(Extracted records)
※

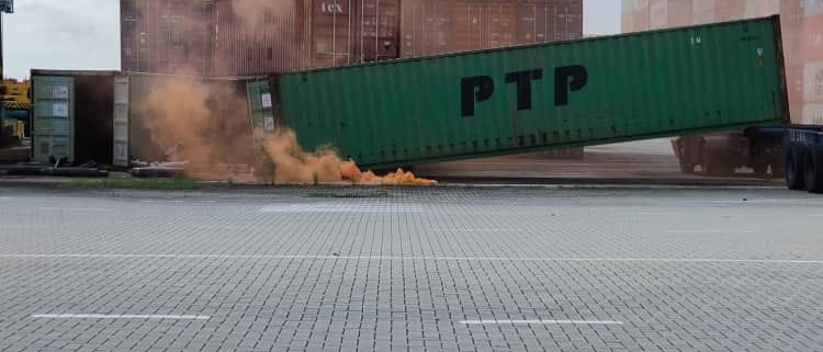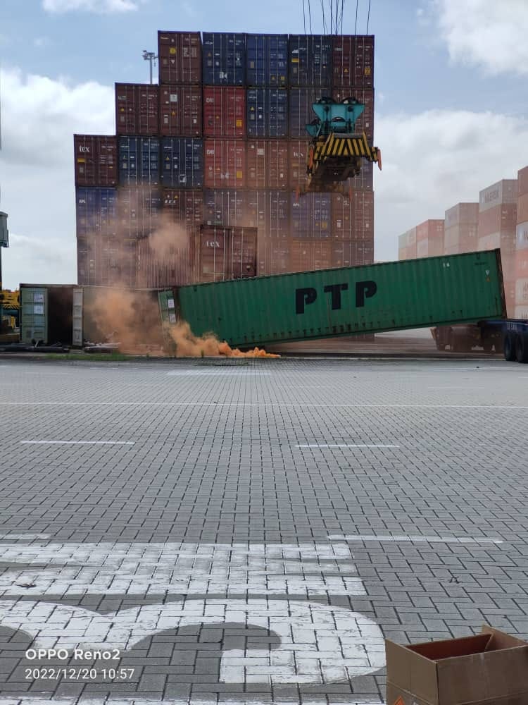 ISKANDAR PUTERI — Kontena berisi 40 silinder mengandungi gas klorin seberat empat tan ‘terjatuh’ ketika proses memuatkan kontena ke penggerak utama dalam kejadian di Pelabuhan Tanjung Pelepas (PTP), semalam.
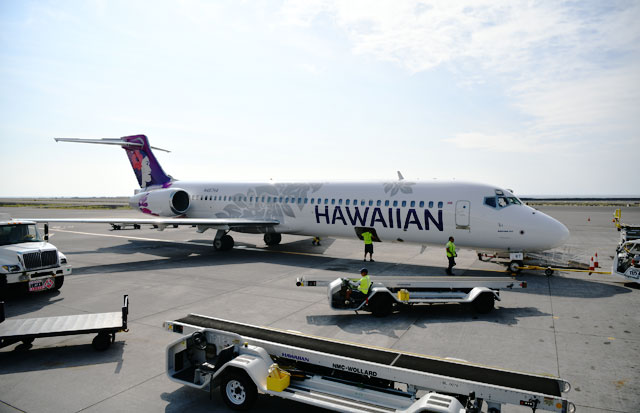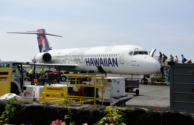 コナ空港で出発を待つハワイアン航空の717=PHOTO: Tadayuki YOSHIKAWA/Aviation Wire
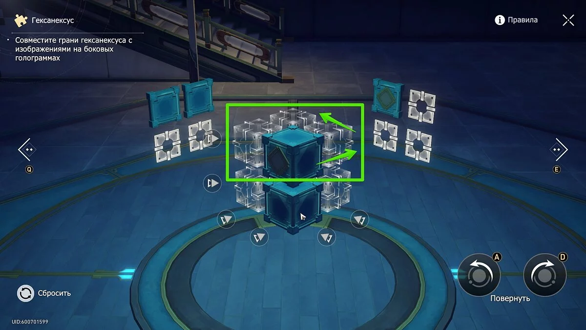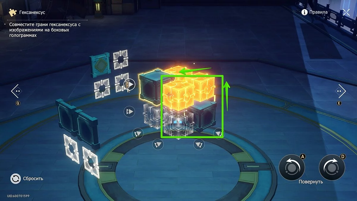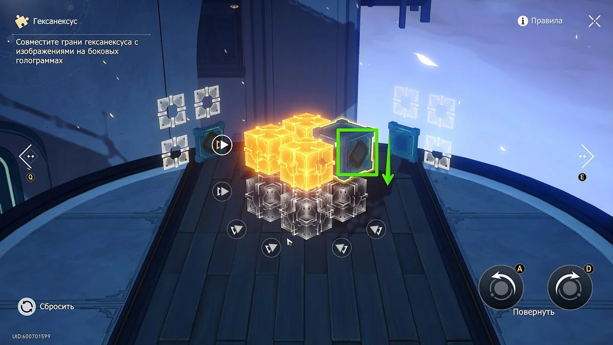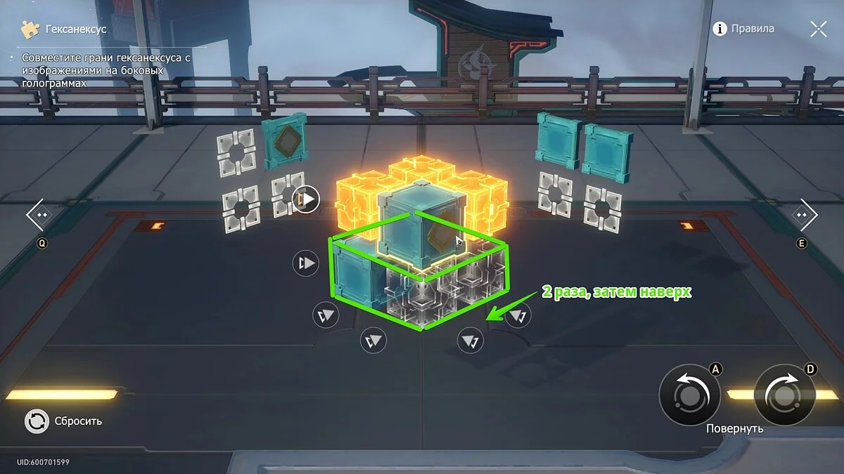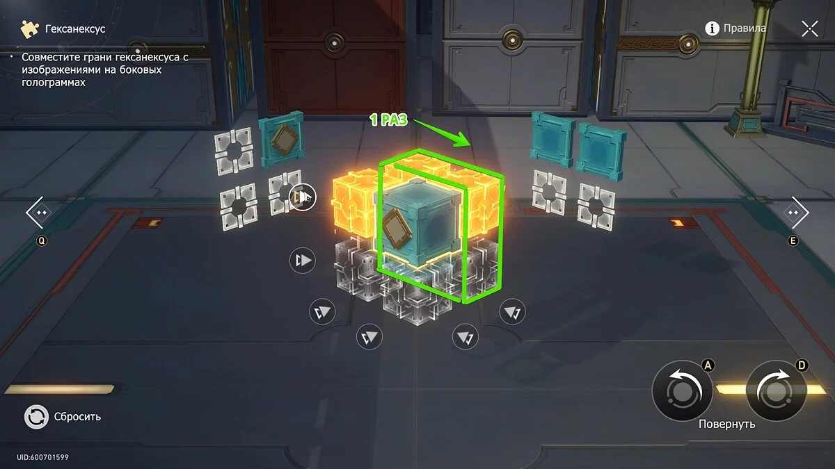 От предыдущего места телепортируйтесь в правую часть карты и взаимодействуйте с кубом. Дальний левый блок поверните вверх дважды, чтобы блок с узором встал на своё место.
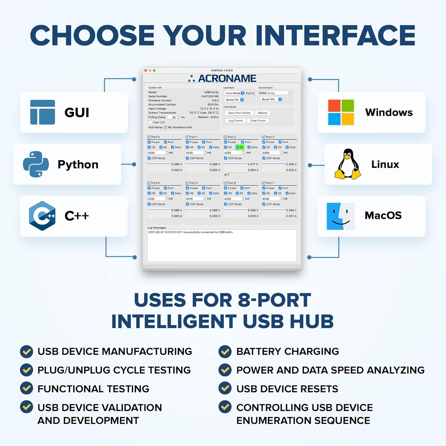 - [Managed Solution] - Programmable industrial grade USB hub, 9 downstream, 2 upstream ports individually control and measure port voltage, current and data transfer
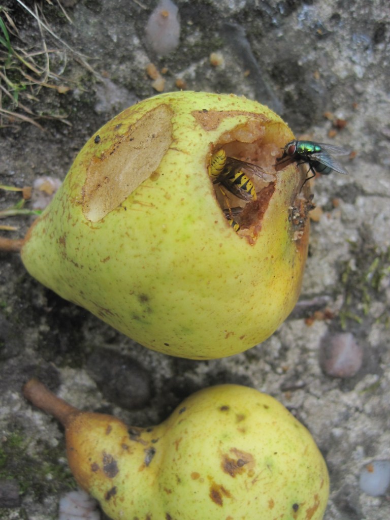 The fruit has been blowing off the trees and landing with a thud on the ground. The split and bruised pears are being feasted on by wasps and other insects. I don’t mind the wasps. They do a lot of good in the garden, taking caterpillars and other creatures that munch where I don’t want them. Everything has it’s place in an organic garden.
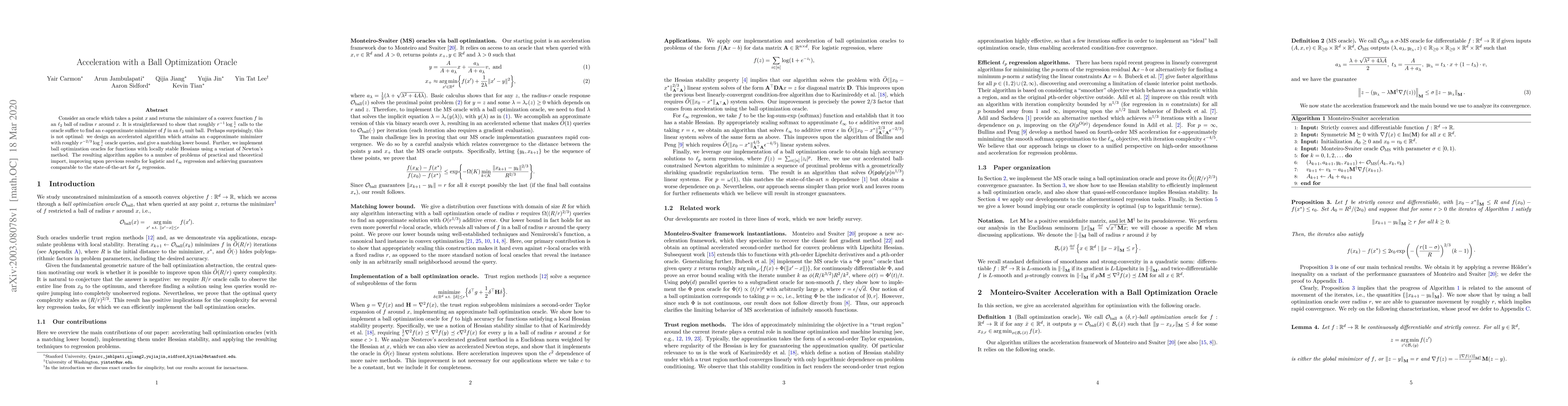 Researchers created a more efficient algorithm to find the minimum of a convex function within an ellipse using a ball optimization oracle, reducing the number of queries required from $r^{-1} extlograc{1}{ extepsilon}$ to $r^{-2/3} extlograc{1}{ extepsilon}$. The new method improves upon previous results for regression problems and achieves comparable guarantees.
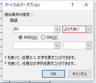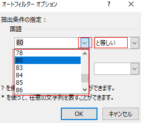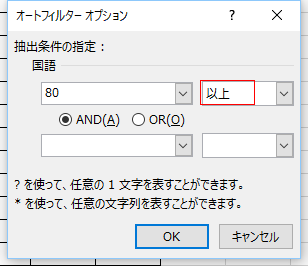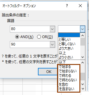 - オートフィルター オプション ダイアログボックスが条件を指定するものになりますが、このダイアログボックスは数値フィルター専用ではなく、テキストフィルターでも使います。
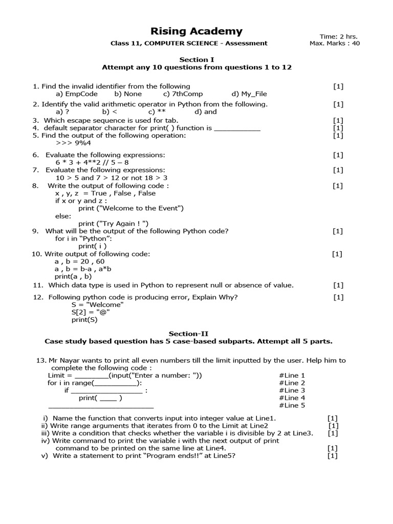 Based on this image's title: “Python Programming Assessment Questions | PDF | Numbers | String ...”
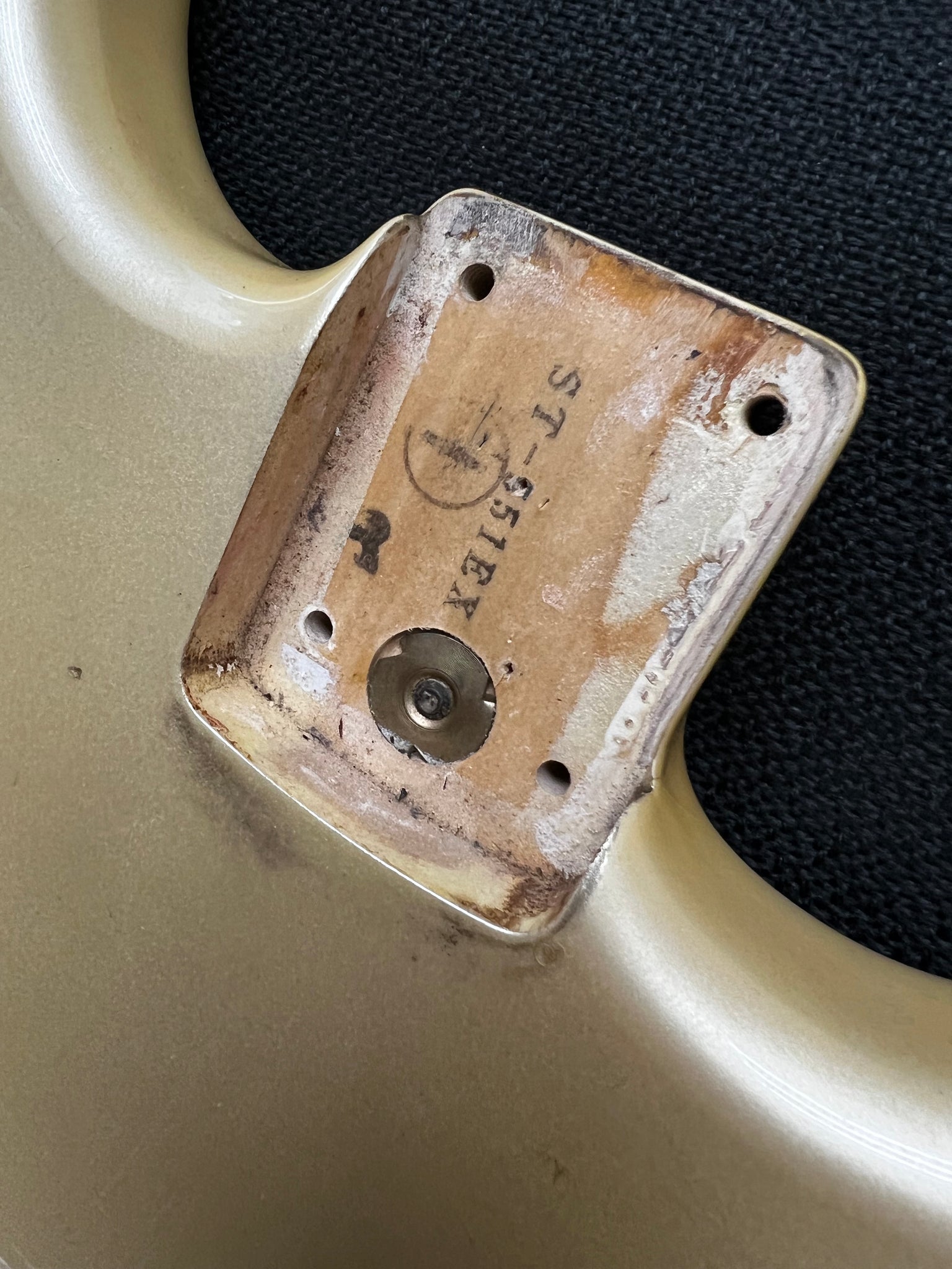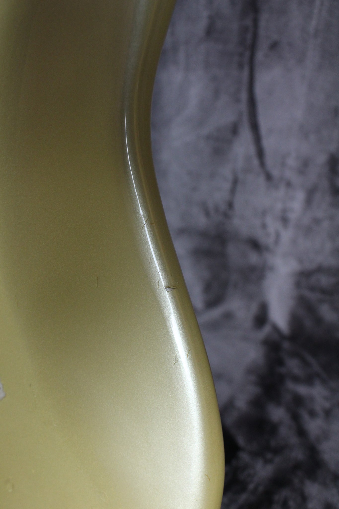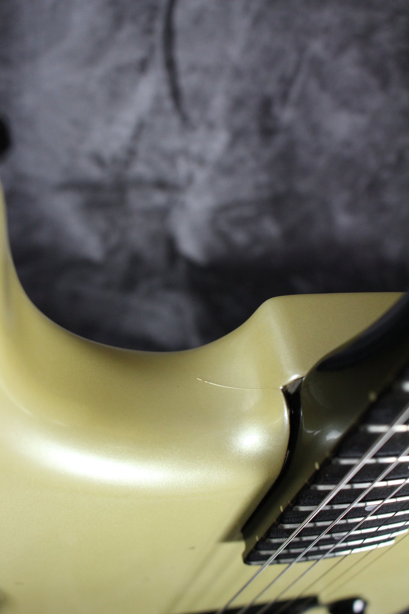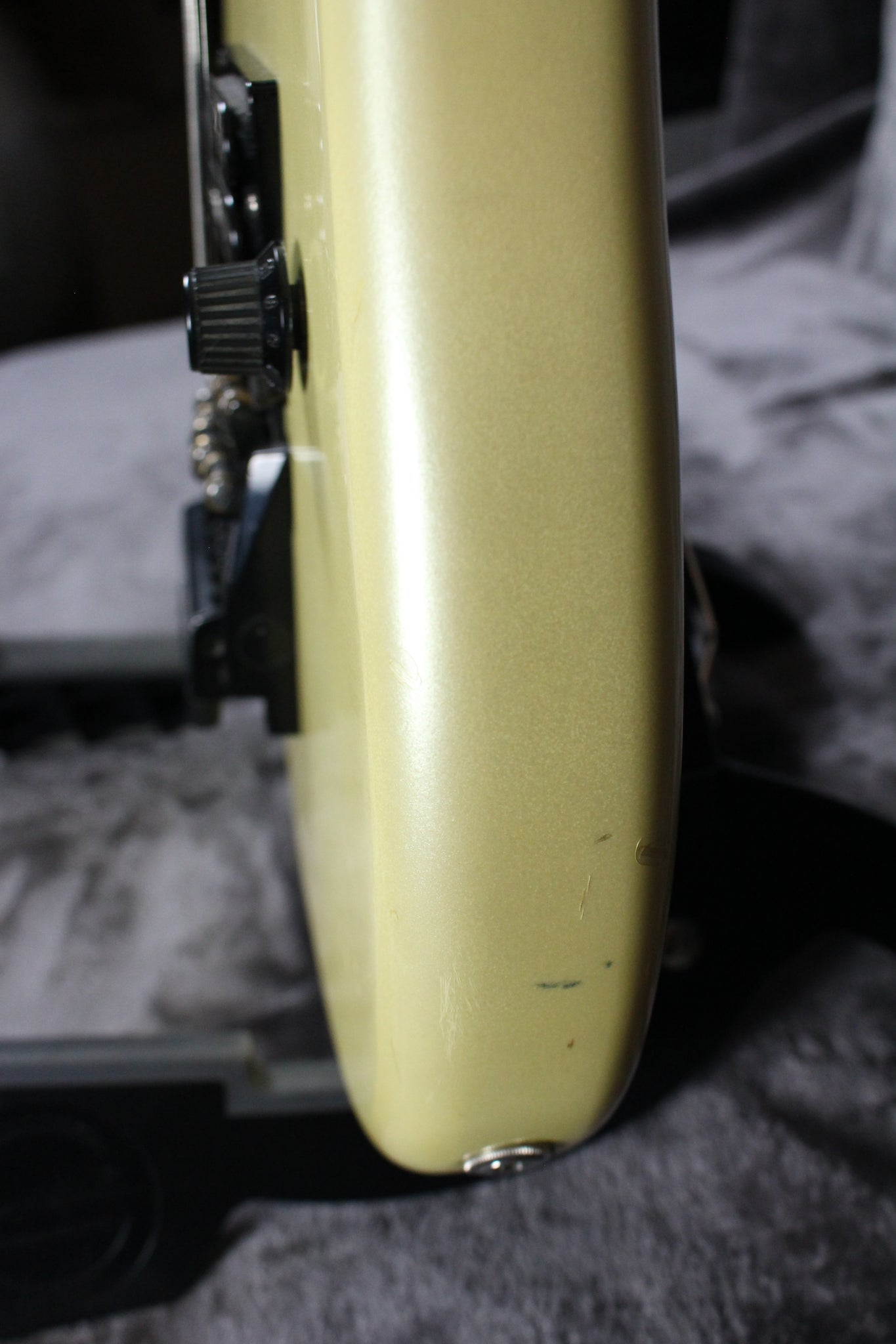 Cosmetics: This guitar is in good shape. It has light surface scratches and small indentations on the body. The back of the neck is clean, and the frets show minimal wear. It has a scalloped fretboard from the 12th fret down. A locking nut was used, and then removed, and a non-original string tree is in place.The back has buckle rash and a few indentations. Overall, this guitar plays very well and sounds fantastic.

※

▶ Exercise
A verbatim reproduction of each entry is expected, with every picture omitted.

▶ Written solution
 ISKANDAR PUTERI — Kontena berisi 40 silinder mengandungi gas klorin seberat empat tan ‘terjatuh’ ketika proses memuatkan kontena ke penggerak utama dalam kejadian di Pelabuhan Tanjung Pelepas (PTP), semalam.
 コナ空港で出発を待つハワイアン航空の717=PHOTO: Tadayuki YOSHIKAWA/Aviation Wire
 От предыдущего места телепортируйтесь в правую часть карты и взаимодействуйте с кубом. Дальний левый блок поверните вверх дважды, чтобы блок с узором встал на своё место.
 - [Managed Solution] - Programmable industrial grade USB hub, 9 downstream, 2 upstream ports individually control and measure port voltage, current and data transfer
 The fruit has been blowing off the trees and landing with a thud on the ground. The split and bruised pears are being feasted on by wasps and other insects. I don’t mind the wasps. They do a lot of good in the garden, taking caterpillars and other creatures that munch where I don’t want them. Everything has it’s place in an organic garden.
 Researchers created a more efficient algorithm to find the minimum of a convex function within an ellipse using a ball optimization oracle, reducing the number of queries required from $r^{-1} extlograc{1}{ extepsilon}$ to $r^{-2/3} extlograc{1}{ extepsilon}$. The new method improves upon previous results for regression problems and achieves comparable guarantees.
 - オートフィルター オプション ダイアログボックスが条件を指定するものになりますが、このダイアログボックスは数値フィルター専用ではなく、テキストフィルターでも使います。
 Based on this image's title: “Python Programming Assessment Questions | PDF | Numbers | String ...”
 Cosmetics: This guitar is in good shape. It has light surface scratches and small indentations on the body. The back of the neck is clean, and the frets show minimal wear. It has a scalloped fretboard from the 12th fret down. A locking nut was used, and then removed, and a non-original string tree is in place.The back has buckle rash and a few indentations. Overall, this guitar plays very well and sounds fantastic.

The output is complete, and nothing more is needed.